ELISA: binding of VHH and immunotoxins to gD2.

ELISAs were performed to determine if the purified VHH and immunotoxins were capable of binding to gD2. Nunc ELISA plates were coated with dilutions of VHH and immunotoxins, and after a blocking step, dilutions of purified gD2 were added to wells in duplicate. After a washing step of 5 times with PBS-T wash buffer, the anti-gD antibody DL6 (Santa Cruz Biotechnology, Dallas, TX) was added at 1:1,000 for 1 h. Wells were washed again, and HRP-conjugated anti-mouse (Sigma-Aldrich, St. Louis, MO) was added at 1:3,000 for 1 h. A final wash step was performed, and the plate was developed by adding 100 μl/well ABTS ELISA HRP substrate (KPL, Gaithersburg, MD). The plate was read at 405 nm using a BioTek (Winooski, VT) Synergy HT plate reader.

Toxicity assay.

The CellTiter 96 AQueous One solution cell proliferation assay was used to determine toxicity of VHH-ExoA for cell lines, and the assay was carried out using the protocol recommended by the manufacturer (Promega, Madison, WI). Z4/6 cells (26), expressing gD2 at the cell surface, and Vero cells were plated in 96-well trays at 3 × 10⁵ cells/well overnight. The following day, dilutions of the VHH-ExoA proteins were added to wells and incubated overnight. About 16 h after the addition of protein, 20 μl of the CellTiter 96 AQueous One solution reagent was added to each well and incubated for 4 h at 37°C. The plate was read at 490 nm using a BioTek (Winooski, VT) Synergy HT plate reader. Higher OD values indicate greater cell viability and therefore less toxicity.

In vitro infectious center assay (ICA).

Vero cells were plated in 12-well trays at 3 × 10⁵ cells/well and after 24 h were infected with HSV-2 G (ATCC VR-734; ATCC, Manassas, VA) at 500 PFU/well. Following the 1-h adsorption time, dilutions of the VHH or VHH immunotoxins were added to wells in duplicate, and complete medium (5% FBS-DMEM; CellGro, Manassas, VA) was added to bring the volume up to 700 μl per well. About 16 h later, supernatant was removed, and cells were trypsinized briefly with 250 μl trypsin-EDTA (CellGro, Manassas, VA) before adding an equal volume of complete medium.
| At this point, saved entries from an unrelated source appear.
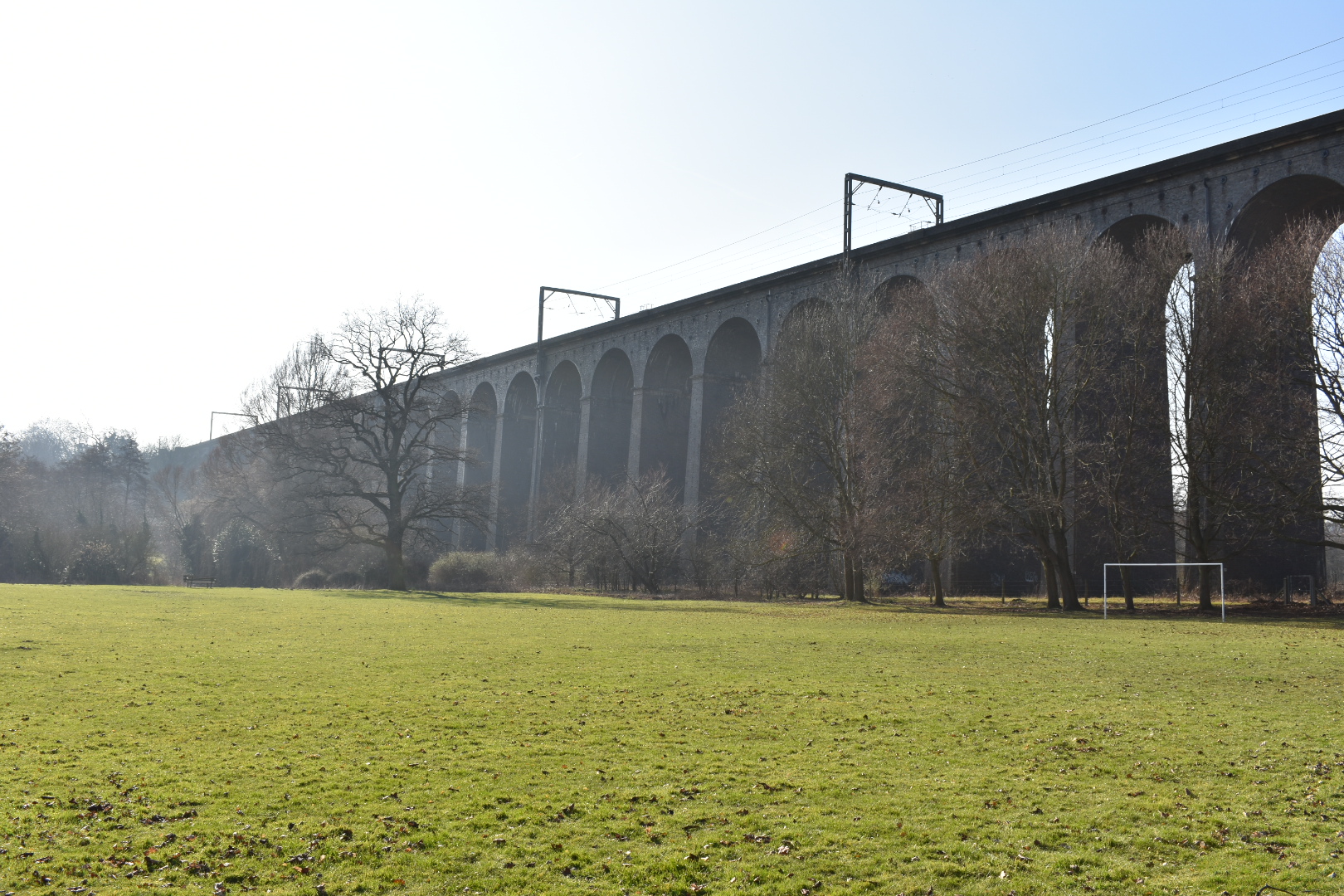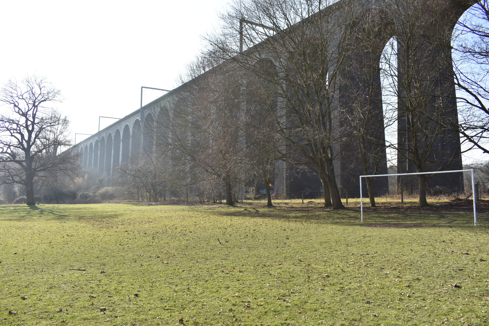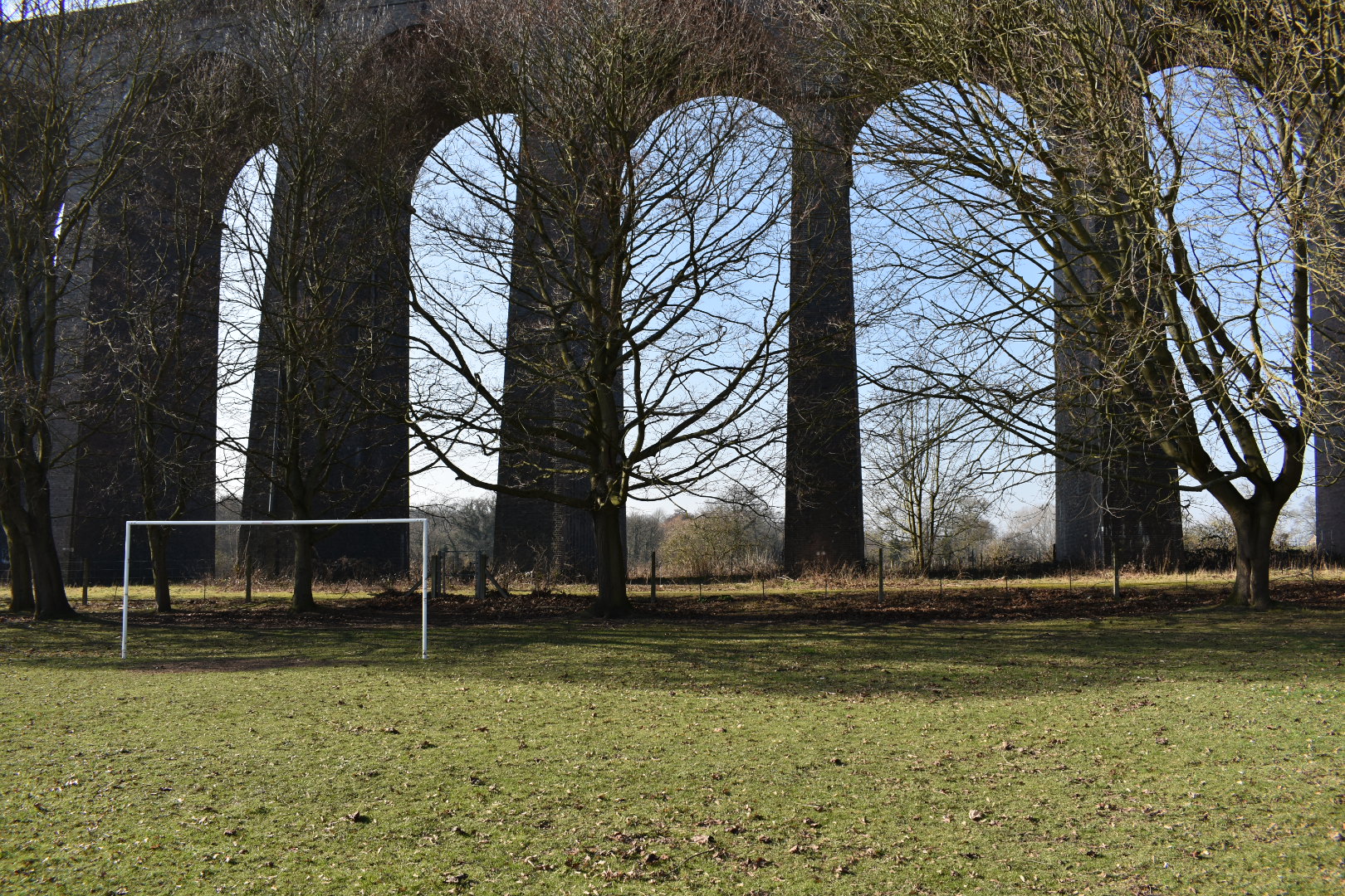 I particularly like the first image, as initially the viaduct leads your eyes away to the left of the photo, but then they come back around again following the trees to the goalposts positioned to the right of the shot.
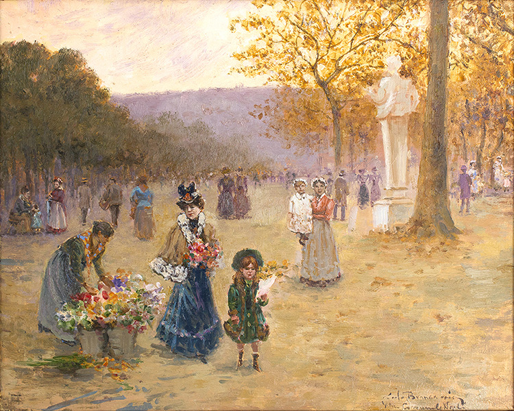 Napoli, 1861 - 1920 Villa Comunale Olio su tavola, 34,5 x 42 cm Firma, titolo e luogo in basso a destra: Carlo Brancaccio, Villa Comunale, Napoli
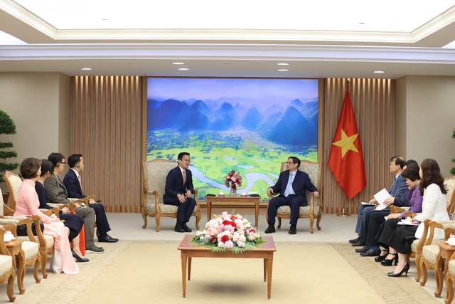 Thủ tướng Phạm Minh Chính tiếp ông Jormsup Lochaya, Chủ tịch Tập đoàn năng lượng Super Energy của Thái Lan - Ảnh: VGP/Nhật Bắc
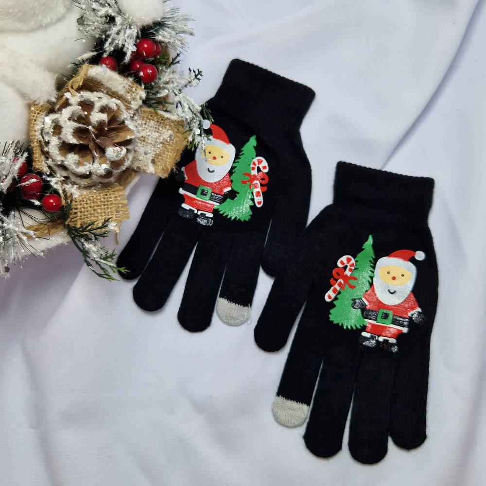 Mikulásos-Karácsonyi 5 ujjas kesztyű érintő képernyőkhöz fekete-mikulásos mintás.
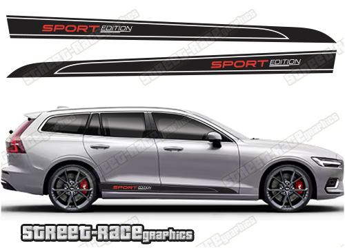 Volvo V90 racing stripes. They are a universal fit to suit all Volvo V90 estate / station wagon cars and facelift variants from MK1 onwards. There are no cutouts for the wheel arches or door lines; these will require trimming during fitting.
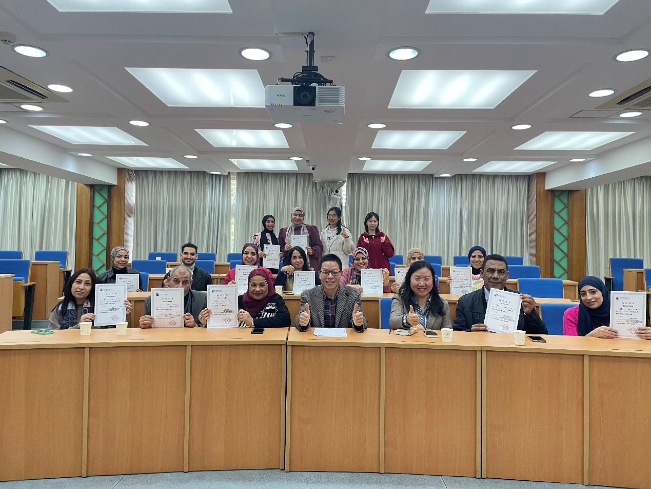 在结业仪式上,国际交流合作部副部长、孔子学院办公室副主任徐艺青对两校合作进行了展望,并期待未来能进一步合作共建艾因夏姆斯大学中文专业。邱春安教授总结了研修班的课程安排,并对学员们冒着严寒坚持听讲的精神表示感动,希望未来中文学院和艾因夏姆斯大学在联合培养研究生、开展短期研修、互派师生交流等方面继续加强合作。学员代表密尔法特、大力、哈赛宁等教授也对研修班的丰富内容和授课教师的专业素养表示满意,并期待在中文专业建设方面得到广外更多的支持和帮助。
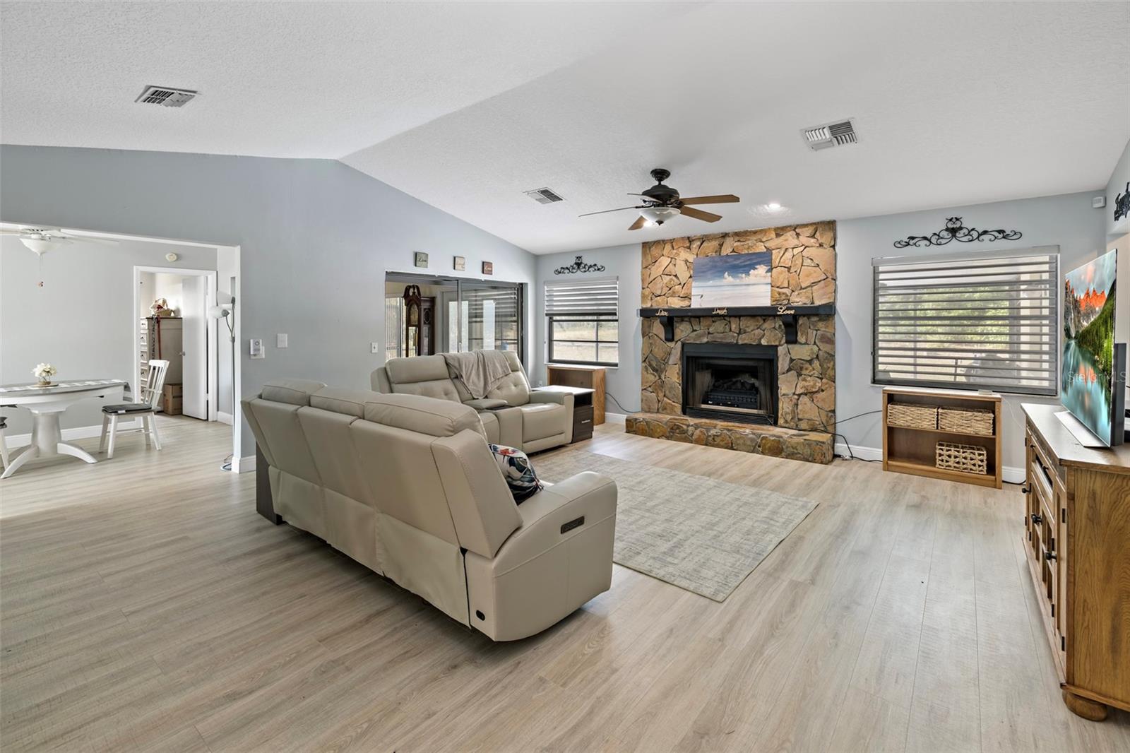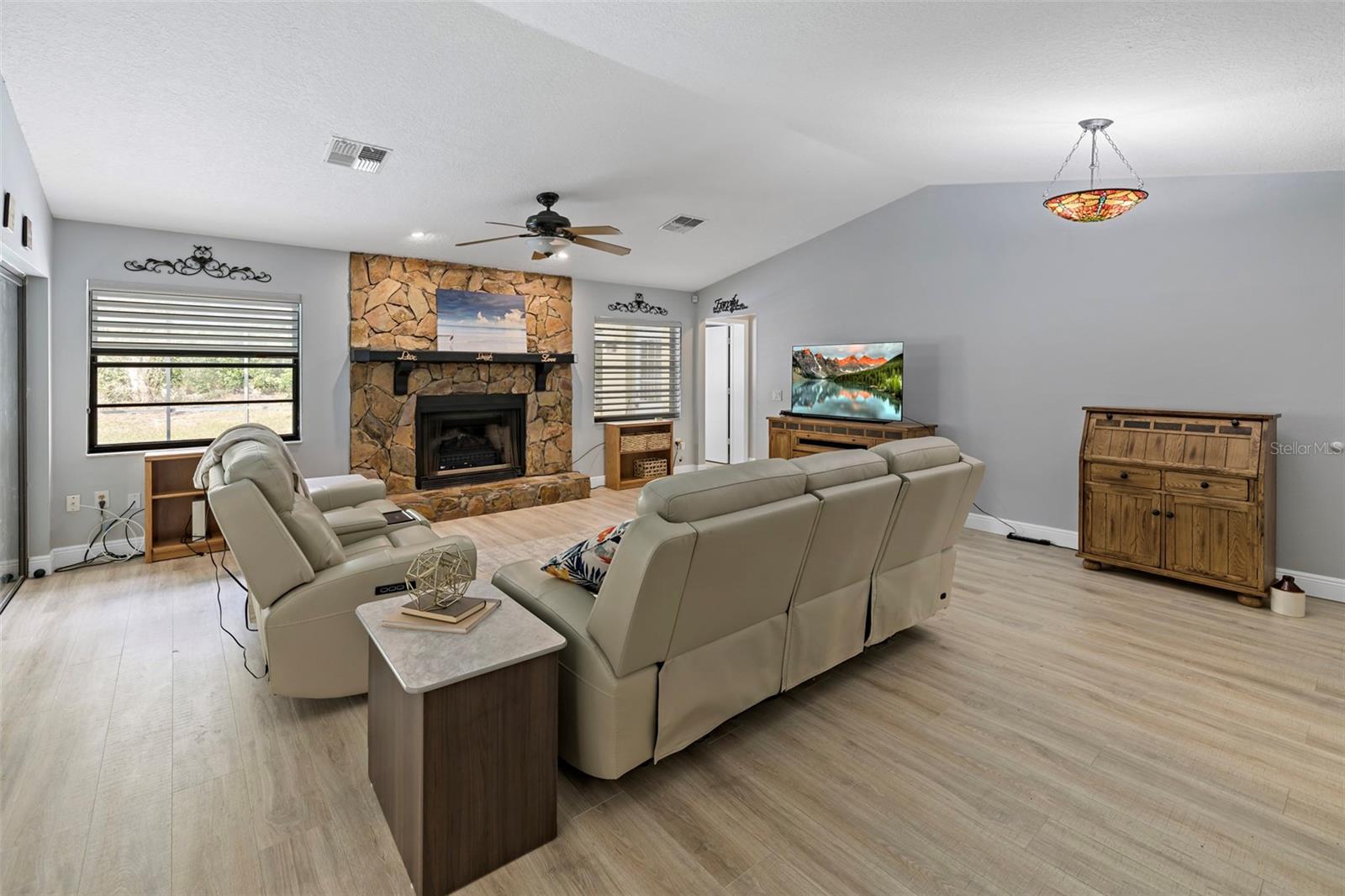 CASA COM PISCINA PRONTA PARA MUDAR! Lindamente conservada 3 quartos, 2 banheiros, garagem para 2 carros, casa com PISCINA, com POTENCIAL 4º QUARTO!! Elegância e funcionalidade incomparáveis com armários personalizados de alta qualidade e armazenamento por toda parte, incluindo uma ampla despensa com prateleiras removíveis! NOVA bomba de piscina, filtro e deck de piscina recém-pintado. 2022 TELHADO E PAINÉIS SOLARES PAGOS!! 2019 AC. Repleto de muita luz natural e uma paleta neutra e purificadora; este é o santuário dos seus sonhos situado em um terreno elevado em uma localização fantástica! NENHUMA INUNDAÇÃO NUNCA. Ao entrar na casa pelo pátio fechado, você é recebido com um amplo layout aberto feito para reuniões e piso de pranchas de vinil de luxo livre de manutenção por toda parte. A cozinha tem uma janela panorâmica que permite a entrada de luz natural e vistas elevadas. Ele vem equipado com uma estação de café de canto perfeita para preparar café com leite matinal, um conveniente refrigerador de bebidas, ilha de cozinha com pia e lava-louças, eletrodomésticos de aço inoxidável, lindas bancadas de granito, armários de fechamento suave com layout de design complementar em dois tons e uma despensa com uma infinidade de opções de armazenamento, incluindo gavetas extraíveis! A cozinha é o sonho de qualquer chef, com muito espaço para preparação e armazenamento, fluindo perfeitamente para a sala de jantar para facilitar o serviço e a reunião de amigos ou familiares. A planta dividida permite privacidade adicional para o quarto principal e o banheiro privativo. O quarto principal é equipado com persianas personalizadas que abrem por cima ou por baixo, permitindo a luz e mantendo a privacidade, e o espaço do armário modular personalizado mantém tudo organizado. O banheiro privativo tem pia dupla com penteadeira e box amplo de azulejos. A ampla sala de estar com lareira em pedra natural e inserção eléctrica opcional é perfeitamente enquadrada por grandes janelas e tectos abobadados, perfeita para grandes reuniões. O gabinete personalizado embutido do chão ao teto com mesa oculta e prateleiras de vidro retroiluminadas é perfeito para suas melhores obras de arte ou peças de conversa favoritas. Dois quartos de hóspedes e um banheiro foram cuidadosamente colocados juntos fora da área de estar principal. Com um dos quartos funcionando como espaço de projeto, completo com embutidos personalizados para armazenamento e uma cama embutida, tornando-o o melhor quarto multifuncional para visitantes ou seus empreendimentos criativos. O Quarto Florida serve como um potencial 4º quarto, completo com portas francesas que levam à piscina cintilante e à varanda coberta, oferecendo um oásis perfeito para relaxamento e entretenimento! Há bastante arrumação tanto na garagem como numa despensa interior adicional. A lavanderia interna separada possui prateleiras de armazenamento e pia! Um estacionamento de cascalho ao lado da casa e um plugue de 30 A criam estacionamento extra para um trailer ou trailer! Esta casa teve manutenção regular de todos os sistemas, paisagismo e piscina! Localizado próximo ao Anderson Snow Park, 589 e uma variedade de restaurantes e shopping centers. Há muito o que amar nesta casa, por dentro e por fora! Agende uma exibição hoje!

Cells were centrifuged at 500 × g for 5 min to pellet cells and then resuspended in 200 μl of complete medium. A 10-fold dilution series from 1:10 to 1:1,000 of the infected Vero cells was made in uninfected Vero cells harvested the same day (resuspended at 6 × 10⁵ cells/ml), and 0.5 ml of the dilution series was added in duplicate to wells of a 12-well tray. Cells were overlaid with 0.5% methylcellulose-5% FBS to bring the volume to 1 ml. After 2 days, cells were stained with crystal violet and plaques were counted.

Statistical analysis.

For the neutralization assays, the significance of the difference in plaque numbers was calculated using an analysis of variance (ANOVA) test, with a Bonferroni correction (STATA Corp., College Station, TX). Prism software (Graphpad) was used to calculate a variable-slope sigmoidal dose-response curve to determine the 50% neutralizing dilution (IC₅₀) and the 95% confidence interval for the antibodies tested in the neutralization assays and ICAs.

RESULTS

Construction of VHH-phage library and biopanning against gD2.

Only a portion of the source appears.